==== Task data
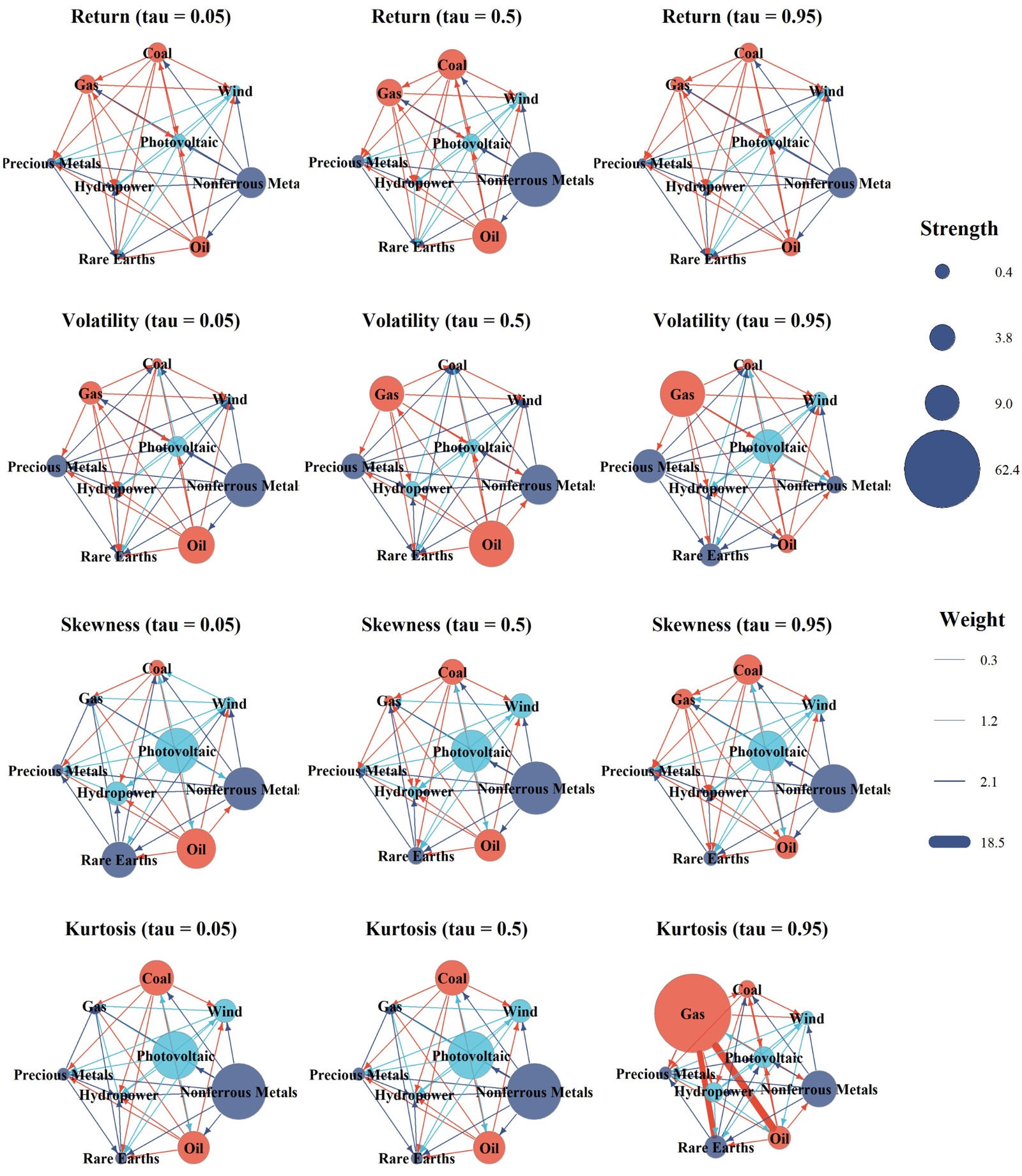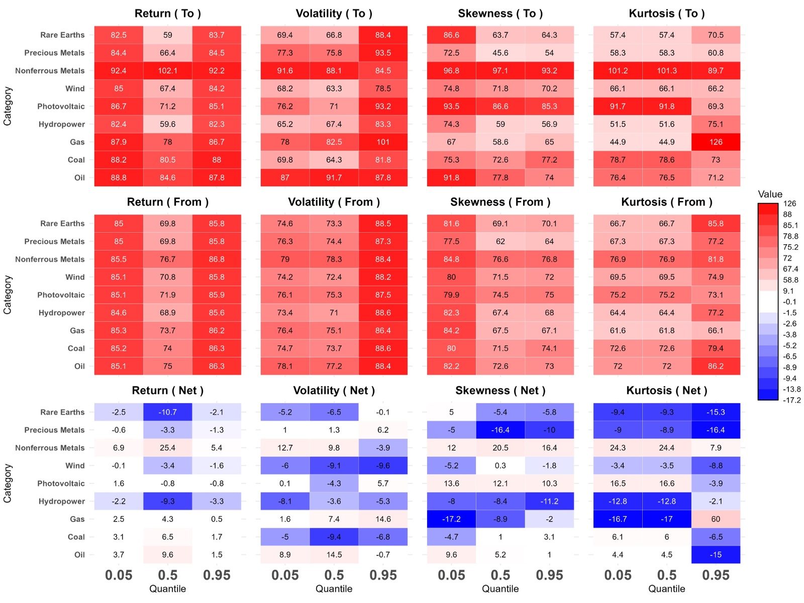 图3通过QVAR模型揭示了不同行业在极端和中性市场状态下的多维风险溢出结构。总体来看,传统能源和有色金属行业在收益率、波动率、偏度及峰度风险溢出中均发挥着核心的传导作用,是系统性风险的主要净溢出源。新能源和稀土行业主要作为风险的净接收者,承受来自传统能源和金属行业的尾部风险传导。此外,极端市场状态下的溢出强度明显高于中位数,说明尾部风险传递具有显著的非对称性和加强效应。这些结果反映出中国能源金属行业多市场、多维度风险溢出的复杂动态特征,为理解国际油价及传统能源价格波动对新能源和金属行业风险影响提供了详实的实证支撑。
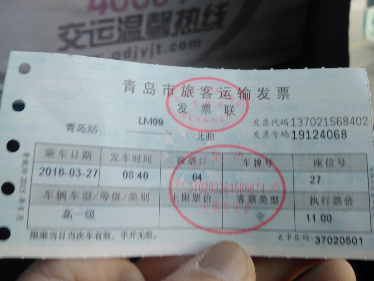 チケット購入。今回は即墨のひとつ手前の城陽区へ。城陽区「大北曲」の家佳源ショッピングセンターまでなら11元(他のバスターミナルなら10元)。
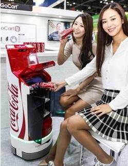 로보월드 행사장에서 로봇이 배달하는 코카콜라 맛 보세요
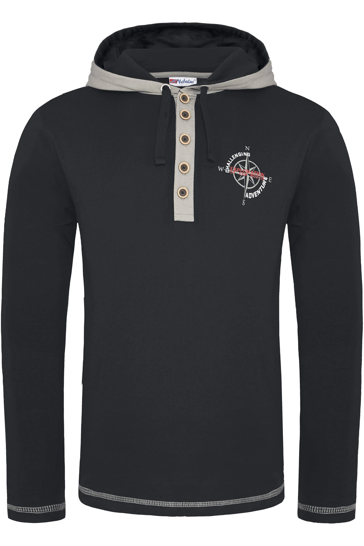 Mit Kapuze und Knopfleiste
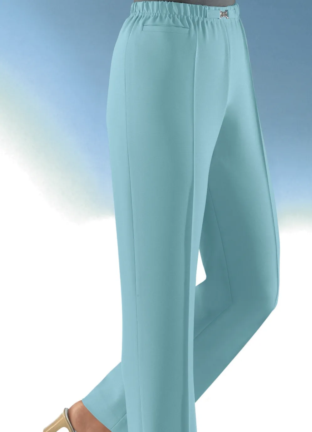 Hose in Schlupfform in 8 Farben in Helltürkis und in Größe 40.
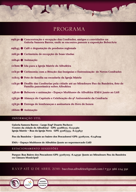 No decurso do almoço, marcado para as 13.30 horas, não faltarão motivos para celebrar: vão cantar-se os parabéns à Confraria pelo seu 9º aniversário e será também altura para a apresentação oficial do programa da 8ª Grande Mostra de Vinhos de Portugal, da responsabilidade da Confraria Bacchus, agendado para os dias 6,7,8 e 9 de Maio, em Albufeira.
========
What you have to do »
Quote, please, only the lines running from the one with "Mit Kapuze und Knopfleiste" down to the final line of the data above, keeping both ends and skipping the pictures.

Answer to the problem »
 Mit Kapuze und Knopfleiste
 Hose in Schlupfform in 8 Farben in Helltürkis und in Größe 40.
 No decurso do almoço, marcado para as 13.30 horas, não faltarão motivos para celebrar: vão cantar-se os parabéns à Confraria pelo seu 9º aniversário e será também altura para a apresentação oficial do programa da 8ª Grande Mostra de Vinhos de Portugal, da responsabilidade da Confraria Bacchus, agendado para os dias 6,7,8 e 9 de Maio, em Albufeira.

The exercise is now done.